Video for 26th June, 2025
Hello everyone and welcome to this weeks’ video.
Yesterday (Tuesday 24 June) we held a study day on mission and evangelism as part of our year of engagement. Speakers looked at it from different traditions and perspectives. However, if our spiritual question time evenings are indicative of people’s feelings on the subject, we ought to have held a seminar on why we should be doing mission and evangelism at all. Surely, in a multi-cultural society like ours we should practice live and let live? Even though Jesus sets us a clear disciple making, missional agenda in the great commission in Matthew 28, the values of Christendom run very deep in the church of England. Christendom assumes everyone is basically a Christian and that what is required is pastoral care and teaching. Evangelism: the active proclamation of the Christian message with a view to inviting people to become followers of Jesus themselves, doesn’t fit easily into this model.
The early Church was one faith tradition amongst a variety of other options. It remained a small minority, often persecuted, until Christianity was legalised and encouraged by Constantine in the 4th century. Their evangelistic zeal, despite great personal risk, was clear.
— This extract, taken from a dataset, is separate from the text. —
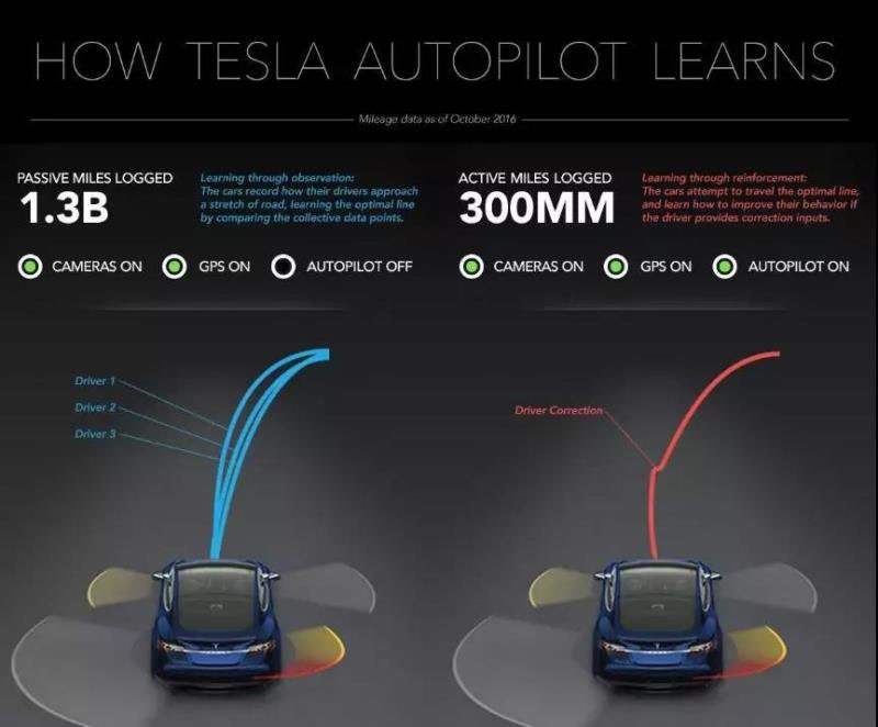 截至2018年11月,特斯拉已經(jīng)積累了超過16億公里的自動(dòng)駕駛數(shù)據(jù)。相比之下,Waymo僅收集了大約2400萬公里。據(jù)知名投資公司Ark分析師塔莎?基尼稱,當(dāng)你觀察特斯拉汽車上行駛的所有里程數(shù)時(shí)(無論自動(dòng)駕駛系統(tǒng)是否啟動(dòng)),記錄的總里程數(shù)都要超過其他公司。

Indeed, this continued for centuries after faith’s adoption in the Roman Empire. Some of our mental models of mission come from the explosion of missionary activity that followed the protestant reformation and especially following the evangelical revivals of the 18th century. Sadly, much of this effort, whilst transformative and effective, sat uncomfortably with European colonialism. Too often, the faith that was preached required an adoption of European cultural values to be seen as genuine. The early catholic missions in the first millennium had none of these associations. The gospel spread through religious orders like the Dominicans. Their heroism was extraordinary. Frequently, it consisted of expeditions by small bands of friars and ended in martyrdom. This cycle repeated itself several times before frail little churches were established.
Friends and neighbours in our own country mean we are now much more aware of different cultural and religious traditions. Ancient traditions like Hinduism and its offshoots in Zoroastrianism, Buddhism and Sikhism have given rise to great civilisations. Christian faith sees itself as a development of and in continuity with Judaism. Classical Islam sees itself as superseding all that has gone before it, with a metaphysic that incorporates much of other traditions within their historical narrative. We now have communities from many faith traditions living alongside us, even in Herefordshire and South Shropshire. There is a pressing need for greater harmony between faiths, classes and opinions to bolster our democratic traditions.
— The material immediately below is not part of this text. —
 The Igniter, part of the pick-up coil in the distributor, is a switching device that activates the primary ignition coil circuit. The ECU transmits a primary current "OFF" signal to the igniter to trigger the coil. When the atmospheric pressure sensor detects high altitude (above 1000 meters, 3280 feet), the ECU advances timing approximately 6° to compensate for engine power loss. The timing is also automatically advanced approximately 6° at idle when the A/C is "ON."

Secularism doesn’t really get religion as a force to guide one’s life and impart meaning. At best people trot out the patronising, ‘all faiths are different roads up the same mountain’. Any remotely rigorous examination of the truth claims of different faiths reveal this to be a cop out to avoid serious engagement. Looked at closely, the mountains are very different indeed. As some wag once said, all faiths are basically the same, they just differ on matters of the source of revelation, God, his or her providence, identity or even independent existence, salvation, morality and the good life, heaven and hell. Superficial resemblance of practice and common coherence in moral outlook on some matters are not the same as an agreement on the essentials of truth. We may all be wrong, but I can’t see any way that we can all be right.
Our culture doesn’t do disagreement well, so the corollary of the ‘different roads up the same mountain’ argument nonsense is that conviction must bring arrogance and a desire to dominate. We certainly see that in fundamentalism of all kinds: Islam, the extremes of Hindu nationalism, and even in some Christian fundamentalism, although the latter is rarely accompanied by the sort of systemic violence we see in some faith traditions. We cannot escape our obligations as followers of Jesus to make him known. We do have a conviction that a relationship with God the Father through Jesus Christ in the power of the Holy Spirit is where life in all its fullness is to be found. But for Christians, conviction should come with humility and love. The controlling principle is well articulated by Peter in his first letter. “In your hearts revere Christ as Lord. Always be prepared to give an answer to everyone who asks you to give the reason for the hope that you have. But do this with gentleness and respect”. I value living a society where all can function according to a value system derived from such distinctive Christian roots. As responsible citizens, whatever our view, we should seek peace and pursue it.